--- START ---

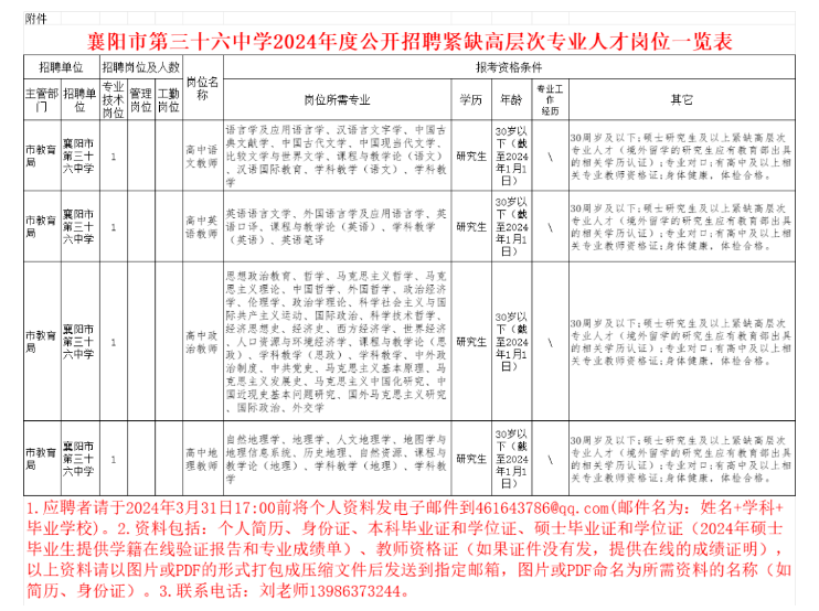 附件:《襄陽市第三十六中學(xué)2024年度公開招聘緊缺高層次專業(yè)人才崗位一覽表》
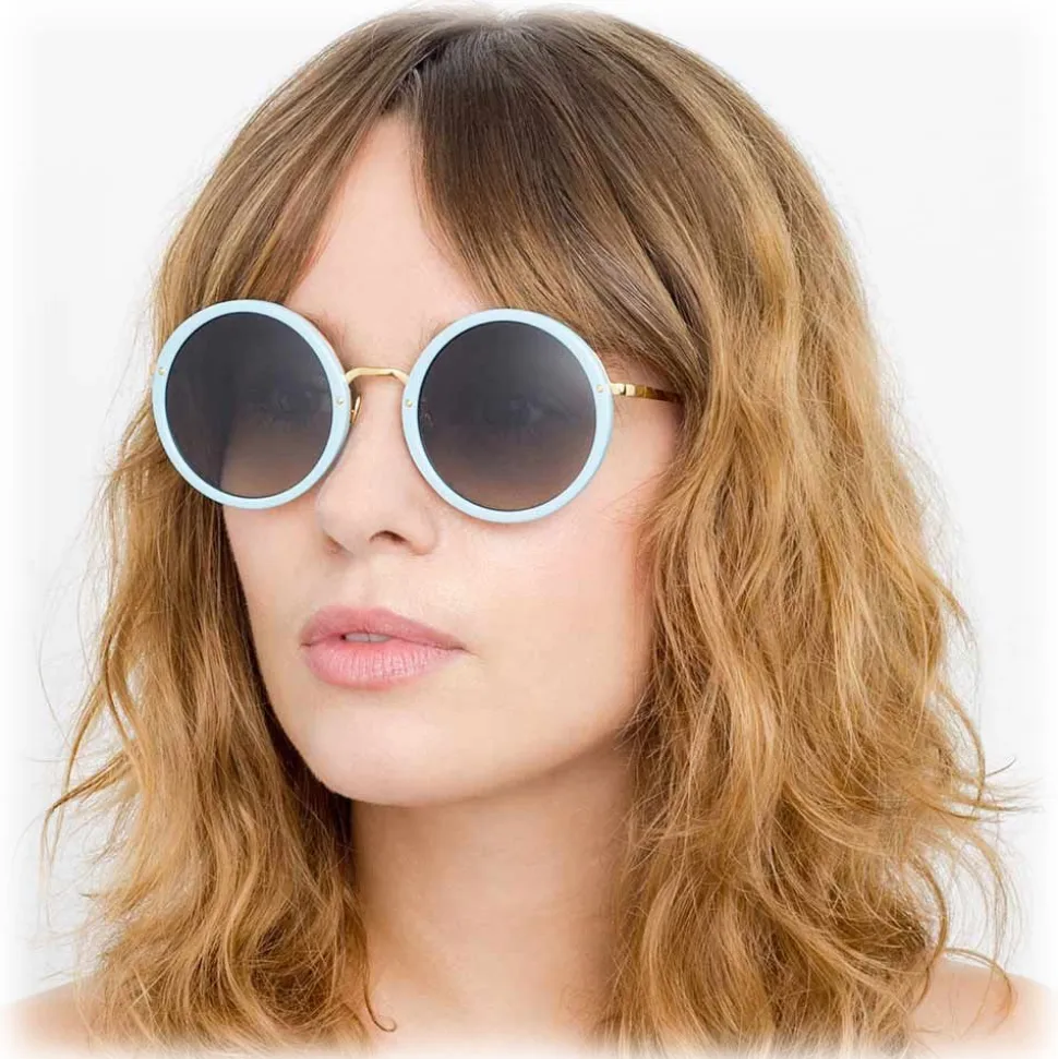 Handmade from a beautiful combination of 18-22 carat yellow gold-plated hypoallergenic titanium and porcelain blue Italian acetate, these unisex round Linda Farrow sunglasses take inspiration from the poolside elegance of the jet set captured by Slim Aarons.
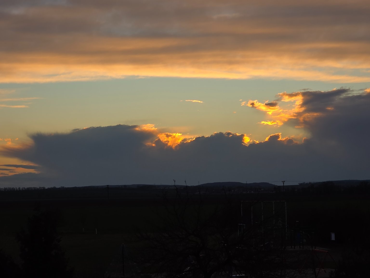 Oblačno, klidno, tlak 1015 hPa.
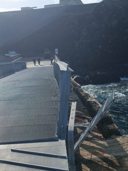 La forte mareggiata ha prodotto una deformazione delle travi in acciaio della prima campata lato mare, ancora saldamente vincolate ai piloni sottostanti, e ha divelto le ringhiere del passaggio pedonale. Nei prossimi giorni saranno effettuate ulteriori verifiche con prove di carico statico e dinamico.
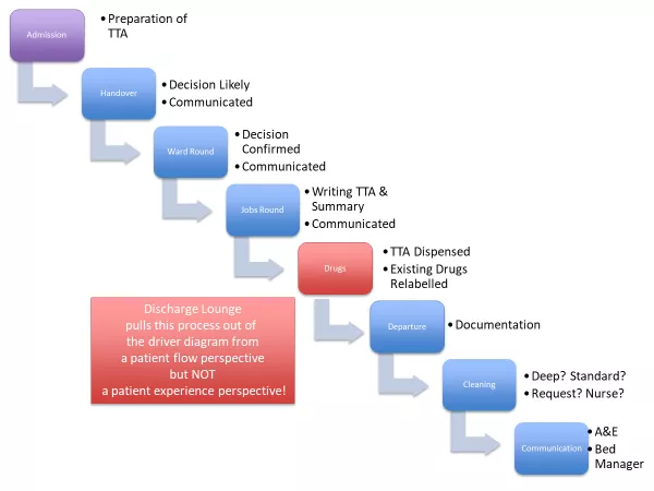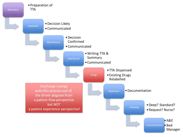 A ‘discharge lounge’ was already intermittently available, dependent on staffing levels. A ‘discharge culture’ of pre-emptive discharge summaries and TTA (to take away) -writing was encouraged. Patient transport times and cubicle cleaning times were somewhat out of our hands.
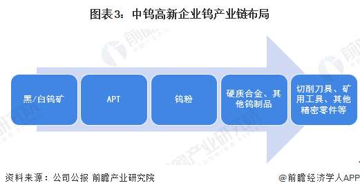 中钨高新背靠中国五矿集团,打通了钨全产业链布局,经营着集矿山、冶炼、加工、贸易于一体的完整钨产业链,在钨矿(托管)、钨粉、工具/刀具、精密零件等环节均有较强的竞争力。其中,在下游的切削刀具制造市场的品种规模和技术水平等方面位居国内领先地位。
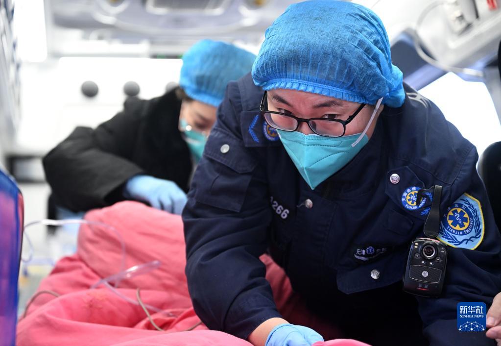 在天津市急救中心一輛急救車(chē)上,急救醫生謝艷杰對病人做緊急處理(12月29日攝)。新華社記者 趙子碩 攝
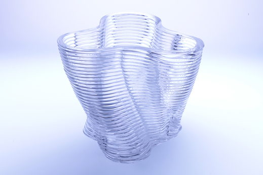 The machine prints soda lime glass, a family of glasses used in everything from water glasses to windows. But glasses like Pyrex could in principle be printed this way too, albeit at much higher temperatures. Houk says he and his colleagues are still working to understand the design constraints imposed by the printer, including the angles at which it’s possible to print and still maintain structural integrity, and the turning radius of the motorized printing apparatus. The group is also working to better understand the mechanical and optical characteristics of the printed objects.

--- END ---
--- START ---

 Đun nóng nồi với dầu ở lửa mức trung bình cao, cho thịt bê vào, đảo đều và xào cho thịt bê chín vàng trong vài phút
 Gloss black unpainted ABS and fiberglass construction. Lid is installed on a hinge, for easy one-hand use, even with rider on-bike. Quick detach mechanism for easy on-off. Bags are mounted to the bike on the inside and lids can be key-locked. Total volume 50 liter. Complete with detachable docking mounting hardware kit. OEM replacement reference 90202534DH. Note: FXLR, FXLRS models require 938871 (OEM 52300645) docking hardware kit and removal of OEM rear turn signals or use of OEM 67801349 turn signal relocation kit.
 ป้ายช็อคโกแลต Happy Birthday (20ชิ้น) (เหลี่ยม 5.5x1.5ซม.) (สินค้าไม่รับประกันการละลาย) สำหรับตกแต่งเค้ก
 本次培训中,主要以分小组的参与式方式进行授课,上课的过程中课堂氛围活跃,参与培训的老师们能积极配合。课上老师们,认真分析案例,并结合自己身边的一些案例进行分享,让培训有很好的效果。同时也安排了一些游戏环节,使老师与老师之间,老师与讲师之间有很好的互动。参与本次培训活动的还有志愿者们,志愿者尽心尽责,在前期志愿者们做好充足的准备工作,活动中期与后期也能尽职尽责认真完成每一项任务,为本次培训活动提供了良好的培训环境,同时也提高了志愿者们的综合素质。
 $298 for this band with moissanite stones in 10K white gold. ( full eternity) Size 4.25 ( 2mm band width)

--- END ---
--- START ---

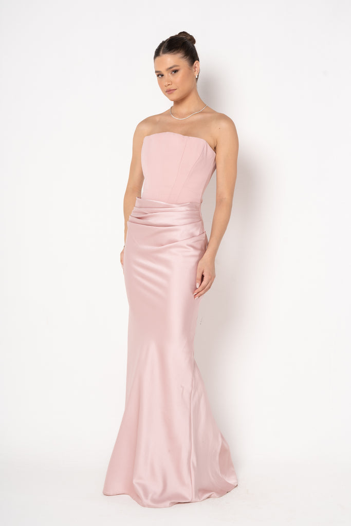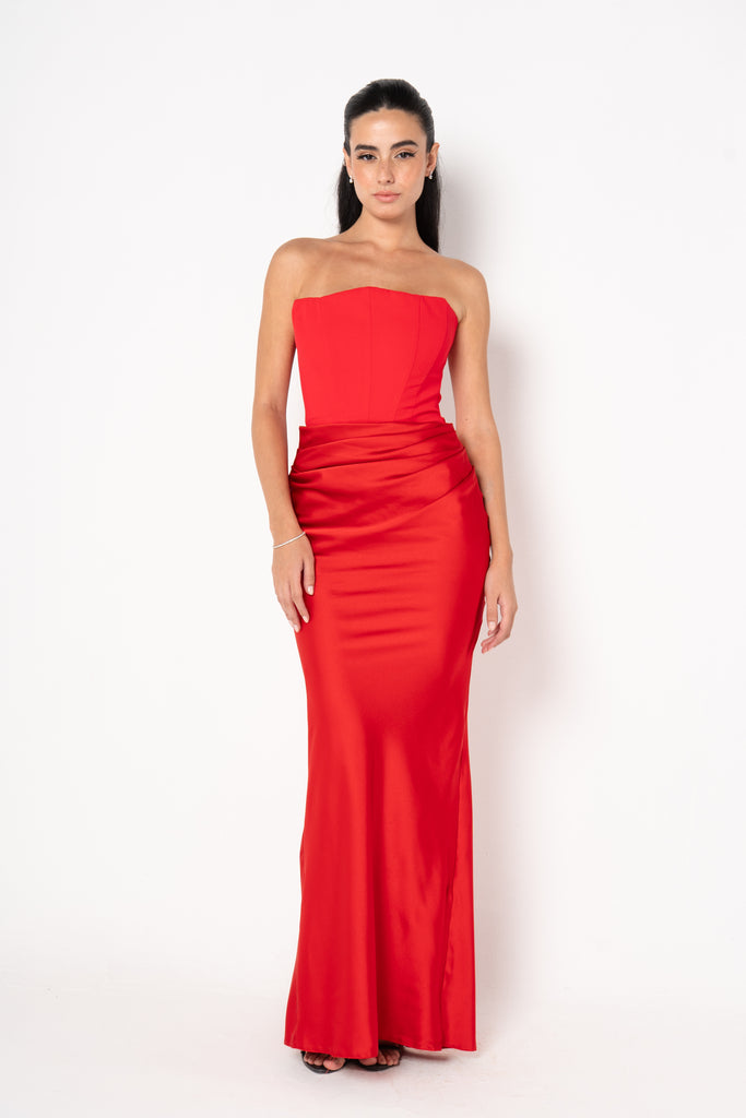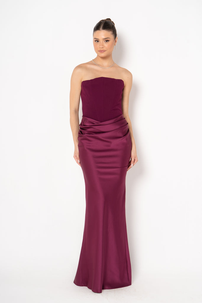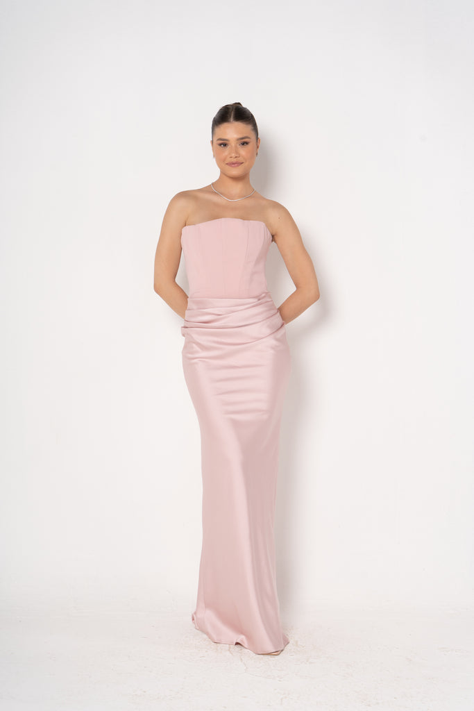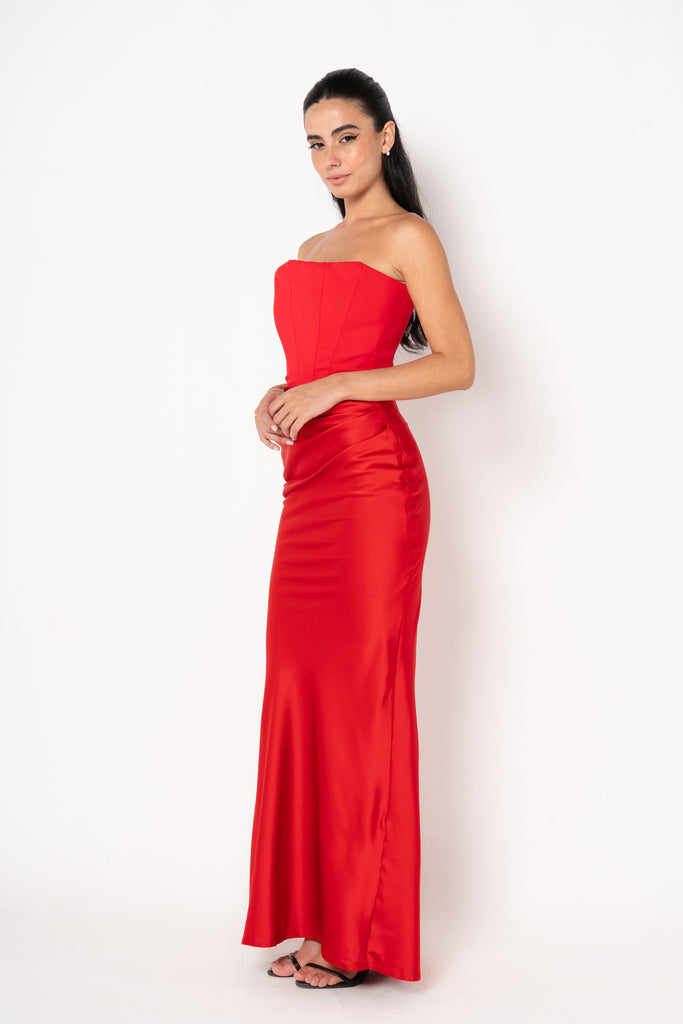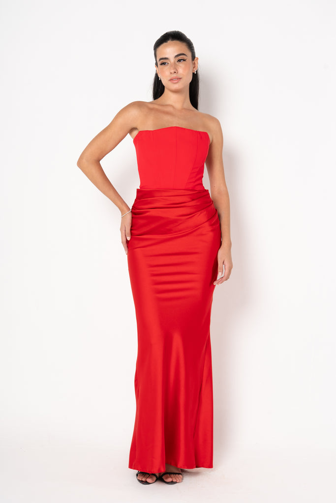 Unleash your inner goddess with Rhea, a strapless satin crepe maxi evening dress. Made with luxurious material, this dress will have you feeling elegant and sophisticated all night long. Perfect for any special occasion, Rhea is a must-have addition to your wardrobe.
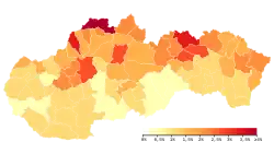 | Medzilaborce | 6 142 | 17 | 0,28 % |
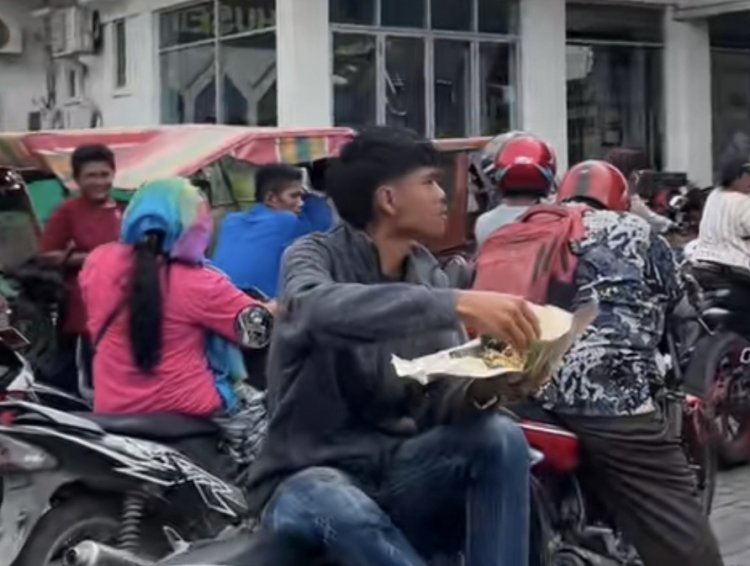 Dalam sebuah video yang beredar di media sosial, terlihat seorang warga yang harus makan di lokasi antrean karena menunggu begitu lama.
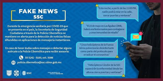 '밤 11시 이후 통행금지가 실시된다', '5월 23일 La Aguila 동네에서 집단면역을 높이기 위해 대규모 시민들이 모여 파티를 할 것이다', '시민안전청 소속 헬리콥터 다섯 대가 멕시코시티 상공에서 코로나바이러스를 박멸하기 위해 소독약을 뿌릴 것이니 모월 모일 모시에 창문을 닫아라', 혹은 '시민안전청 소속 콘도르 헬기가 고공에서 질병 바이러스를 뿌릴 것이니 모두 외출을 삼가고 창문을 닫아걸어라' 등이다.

--- END ---

- **TASK DIRECTIONS**: Within these entries, output exactly the lines starting at the one with "附件:《襄陽市第三十六中學(xué)20" and finishing at the one with "在天津市急救中心一輛急救車(chē)上,急救醫生謝艷杰對病人做緊急處理(12月29日攝)。新華社記者 趙子碩 攝". Leave pictures out of the output.

- **ANSWER TO THE EXERCISE**:
 附件:《襄陽市第三十六中學(xué)2024年度公開招聘緊缺高層次專業(yè)人才崗位一覽表》
 Handmade from a beautiful combination of 18-22 carat yellow gold-plated hypoallergenic titanium and porcelain blue Italian acetate, these unisex round Linda Farrow sunglasses take inspiration from the poolside elegance of the jet set captured by Slim Aarons.
 Oblačno, klidno, tlak 1015 hPa.
 La forte mareggiata ha prodotto una deformazione delle travi in acciaio della prima campata lato mare, ancora saldamente vincolate ai piloni sottostanti, e ha divelto le ringhiere del passaggio pedonale. Nei prossimi giorni saranno effettuate ulteriori verifiche con prove di carico statico e dinamico.
 A ‘discharge lounge’ was already intermittently available, dependent on staffing levels. A ‘discharge culture’ of pre-emptive discharge summaries and TTA (to take away) -writing was encouraged. Patient transport times and cubicle cleaning times were somewhat out of our hands.
 中钨高新背靠中国五矿集团,打通了钨全产业链布局,经营着集矿山、冶炼、加工、贸易于一体的完整钨产业链,在钨矿(托管)、钨粉、工具/刀具、精密零件等环节均有较强的竞争力。其中,在下游的切削刀具制造市场的品种规模和技术水平等方面位居国内领先地位。
 在天津市急救中心一輛急救車(chē)上,急救醫生謝艷杰對病人做緊急處理(12月29日攝)。新華社記者 趙子碩 攝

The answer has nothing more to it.